Garcia: I remember running so fast and then after I had to run back because I noticed that I had no shoes on, so I had to go back and get my shoes.

Doyle: I was about two lampposts back. I turned around. I was watching the streetcar but I called 911. I was on the phone with 911. I watched Sammy, he stayed on the streetcar on his own.

Li-Hill: I looked over and realized that the streetcar driver was still (in his seat). I looked at him and said, “Are you OK? Do you want me to call the police? What should we do?”

He kind of gave me this look of just helplessness. The TTC driver just looked at me like, “I don’t know! What am I supposed to do?” that’s what I read from his face.

I thought this was so strange, because Sammy just glanced over, saw the streetcar driver and looked back completely unfazed and started screaming out at the rest of the crowd and the passengers from the streetcar, screaming obscenities. I remember hearing, “You’re a f--king p---y. you bitches, you f--king bitches.”

Li-Hill: Just before I got off the streetcar I heard him say, “Everybody get off the f--king streetcar.” That, to me, was this odd moment where he was switching everything around. He may be in a moment of a loss of control. I was like “We should get out of here, let’s go. We escaped with our lives let’s get out of here.” So we walked up the street.

Garcia: I ran into the girls (from the back of the streetcar) and they told me what happened from their side of the story.

(One girl) grabbed her phone, and she was crying hysterically. She told the police to come because there was an incident on the streetcar, she said, “A man tried to kill me.”

I was talking to the younger girl, and she said he showed her his penis. I was really stunned because she was just a kid. I would have to say at the most 15.

Doyle: I said (to 911) there’s a guy on the streetcar going westbound with a knife, that just pulled out a knife and exposed himself. They asked me where we were, if anyone was hurt, and they were just asking me details about what was going on.

Sammy kind of walked back and forth a few times and then ended up sitting down and waiting, essentially. He sat down in one of the seats close to the front of the streetcar when everyone was off. I’m not entirely sure why, but he stayed on. That’s just about the time the police showed up. As soon as the police arrived they were like, “Thank you” and hung up (the call). I was on the phone with them for maybe a minute or so.

Li-Hill: Not even four houses down, 20 seconds (after leaving the streetcar), I just hear a huge mass of sirens.

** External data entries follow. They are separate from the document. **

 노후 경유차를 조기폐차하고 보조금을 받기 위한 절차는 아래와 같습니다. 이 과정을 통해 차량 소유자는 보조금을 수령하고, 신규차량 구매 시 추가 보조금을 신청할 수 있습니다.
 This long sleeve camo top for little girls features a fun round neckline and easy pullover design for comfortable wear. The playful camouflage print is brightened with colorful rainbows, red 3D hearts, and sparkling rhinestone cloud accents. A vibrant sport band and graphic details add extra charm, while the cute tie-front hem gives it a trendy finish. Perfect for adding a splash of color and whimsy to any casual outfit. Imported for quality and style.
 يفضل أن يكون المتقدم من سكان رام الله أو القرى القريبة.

Doyle: All the doors to the streetcar were open and the police huddled around the front door. I heard them yell multiple times for him to drop his knife. I could see him standing there, but I couldn’t see him entirely from the angle I was at so I don’t know exactly what he was doing.

Li-Hill: We cut through an alleyway and are still flustered. I’m trying to calm my girlfriend down and trying to stay calm myself. It feels like not even 20 seconds later and I hear nine shots ring out — or the first three or four, then a break, then more. I remember seeing a man on his porch look over at me and say, “What the hell’s going on?” and I scream “Somebody’s getting shot right now!”

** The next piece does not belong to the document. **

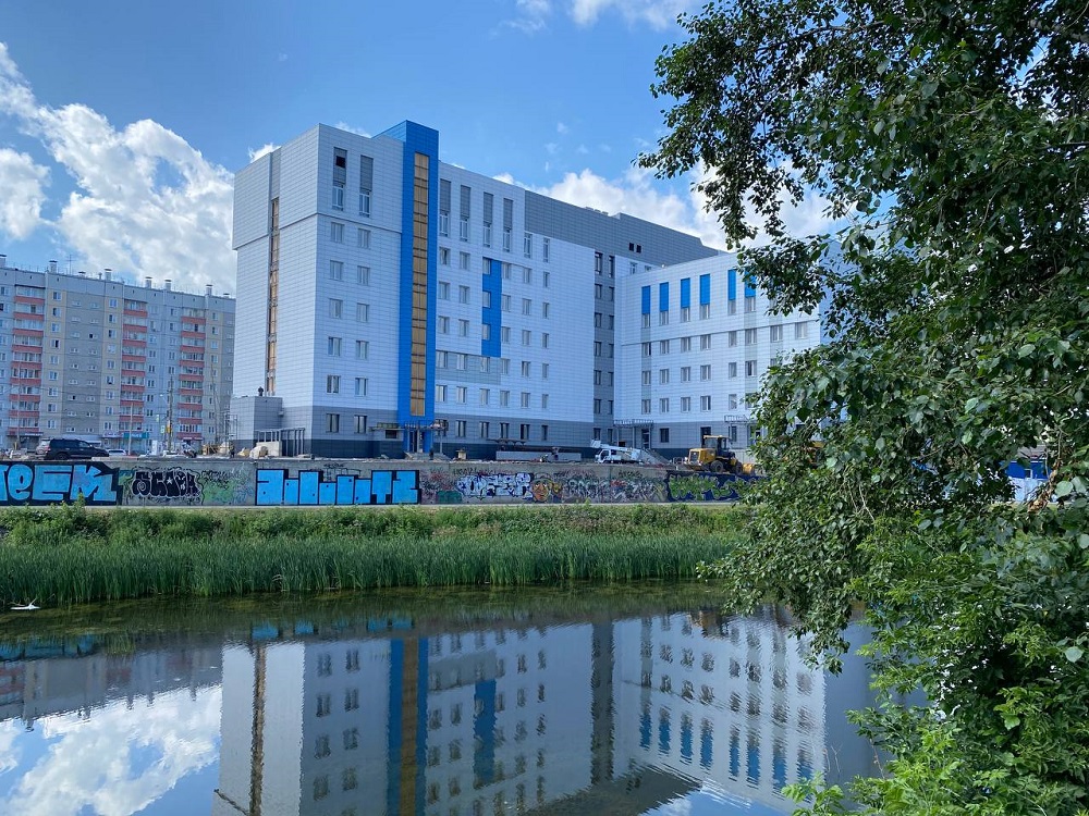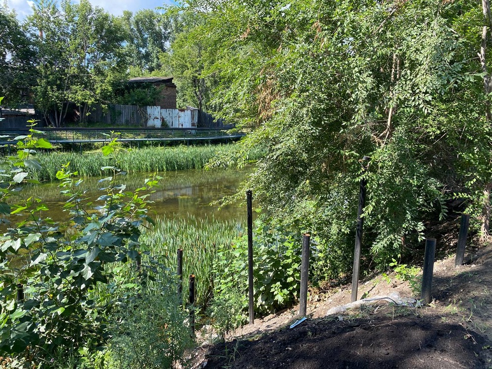Раньше третья запруда на Судостроительной была обрамлена гаражами с одной стороны, и жилой застройкой — с другой. Деревянные домишки вдоль проезжей части давно ликвидировали. На их месте возвели многоэтажную поликлинику — с ней почти закончили, даже ограждение убрали. Так что теперь именно это здание прикрывает озеро от выхлопных газов и шума машин.

Doyle: All I could hear was the police shouting at him to drop the knife, and then very quickly the shooting started and I saw him fall.

Li-Hill: I remember thinking to myself, “Wow, this situation must have really escalated fast.” My whole idea in my head was that the streetcar driver was still on there, that Sammy had attacked him, this was the police officer’s only option. But then I thought to myself, he seemed very crazed, if police tell him to drop a weapon and he doesn’t drop a weapon I know that they would probably shoot him.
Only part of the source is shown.